Ki-Tissa –  Les miroirs des Bnot-Israël, source de sainteté ?

Ki-Tissa – Les miroirs des Bnot-Israël, source de sainteté ?

Le Kiyor, issu du genre féminin

L’un des ustensiles du Michkan était le Kiyor – la cuve dont les Cohanim utilisaient l’eau pour se laver les mains et les pieds avant d’entrer dans la Tente d’Assignation ou de s’approcher de l’autel des sacrifices.

Le Kiyor fut confectionné à partir des miroirs appartenant aux femmes, comme l’expliquent nos Sages au sujet du verset (38; 8) « Il fabriqua la cuve en cuivre et son support de même, au moyen des miroirs des femmes qui s’étaient attroupées à l’entrée de la Tente d’assignation ».

Il est le seul ustensile provenant d’un seul genre, en l’occurrence les femmes. Et non seulement cela, il est de plus l’unique objet dont les mesures ne sont pas précisées ; sa taille étant le résultat de l’ensemble des miroirs.

Tout cela exige un approfondissement.

Quelle est la place particulière des femmes dans un ustensile destiné à la préparation à la kédoucha ? Nous savons qu’un Cohen qui exerce sans sanctifier ses mains et ses pieds rend impropre son service et est passible de mort. Pour quelle raison cette préparation devait-elle être spécifiquement réalisée au moyen d’un ustensile issu du seul genre féminin ?

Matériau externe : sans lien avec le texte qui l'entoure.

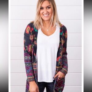 JOHNNY WAS Mila Cotton Cashmere Open Front Boho Cardigan Sweater Sz S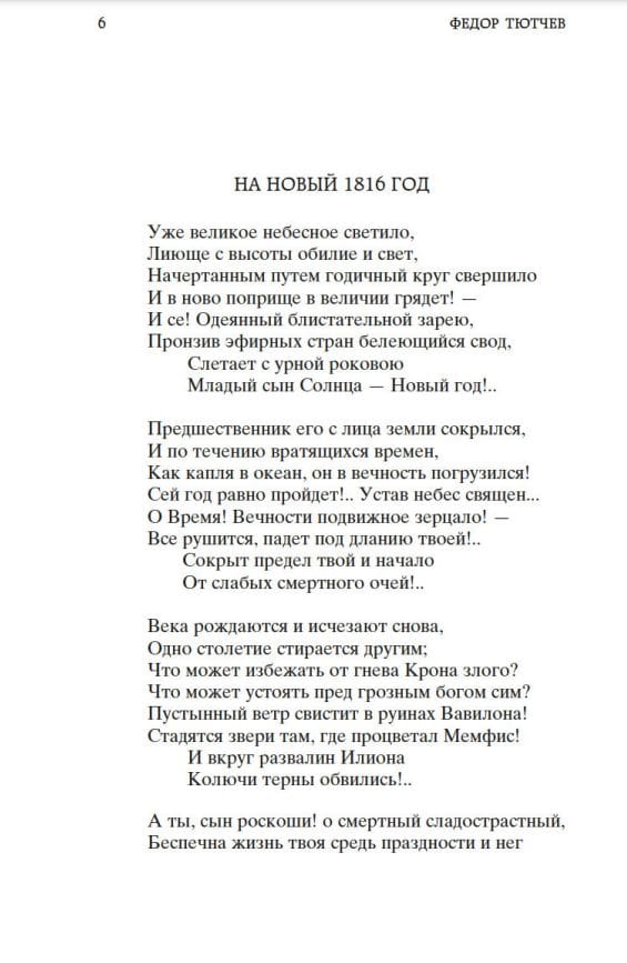 В сборник включены наиболее значительные произведения крупнейшего русского поэта XIX века Федора Ивановича Тютчева (1803–1873). Его лирика отличается интимностью, исповедальностью, саморефлексией и вместе с тем философской наполненностью и многозначностью. «Весенняя гроза», «Есть в осени первоначальной...», «Зима недаром злится...», «Умом Россию не понять...», «Silentium!», «Нам не дано предугадать...», «Я встретил вас — и все былое...» — эти и другие стихотворения относятся к шедеврам отечественной литературы. Свойственные Тютчеву краткость, почти фрагментарность, внимание к деталям, мимолетным мгновениям бытия уравновешиваются универсальностью авторской мысли, выходящей к общезначимой проблематике, что сообщает его поэтическому наследию вневременную актуальность.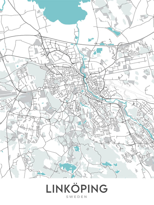 Este mapa de Linköping, Suecia, es un callejero moderno y detallado sin etiquetas. Se centra en la ciudad de Linköping y sus alrededores, proporcionando una representación precisa y visualmente atractiva del diseño de la ciudad. El mapa cubre una amplia gama de barrios, incluidos Valla, Ekholmen, Tornby, Berga, Stångebro, Johannelund, Tannefors, Vimanshäll, Hageby y Skäggetorp.

D’ailleurs, le Even Ezra perçoit ces miroirs comme des éléments négatifs. Il explique ainsi le verset « במראות הצובאות – au moyen des miroirs » – il s’agissait de femmes vertueuses, détachées de ce monde-ci, qui, au lieu de les utiliser pour s’embellir chaque matin, en firent don pour le Michkan. Selon lui, ces miroirs qui furent donnés à Moché représentent le renoncement de ces femmes à cet ustensile pleinement matériel, témoignant ainsi de leur détachement de ce monde-ci.

Pourtant, Rachi, au nom du Midrach, exprime l’idée opposée. Il mentionne que Moché a dénigré ces miroirs à cause du fait qu’ils aient été utilisés pour servir le mauvais penchant. Hachem lui dit alors : ces objets me sont plus chers que tout, car grâce à eux, les femmes ont donné le jour à de nombreuses troupes en Égypte. Lorsque leurs maris étaient fatigués par le dur labeur, elles allaient leur apporter de la nourriture et de quoi boire. Puis elles sortaient leurs miroirs, et chacune s’y voyait avec son mari et l’encourageait par de douces paroles, en lui disant : « je suis plus jolie que toi ». De cette manière, elles suscitaient le désir de leurs maris à leur égard, et ainsi elles concevaient et enfantaient plus tard là-bas.

Il faut comprendre par-là que la raison qui a fait de ces miroirs des objets dignes de faire partie du Michkan, fut justement par leur capacité d’attirer les maris vers leur femme.

Mais en quoi un objet entièrement destiné à la parure de la femme est digne de se trouver précisément à l’entrée du Michkan ?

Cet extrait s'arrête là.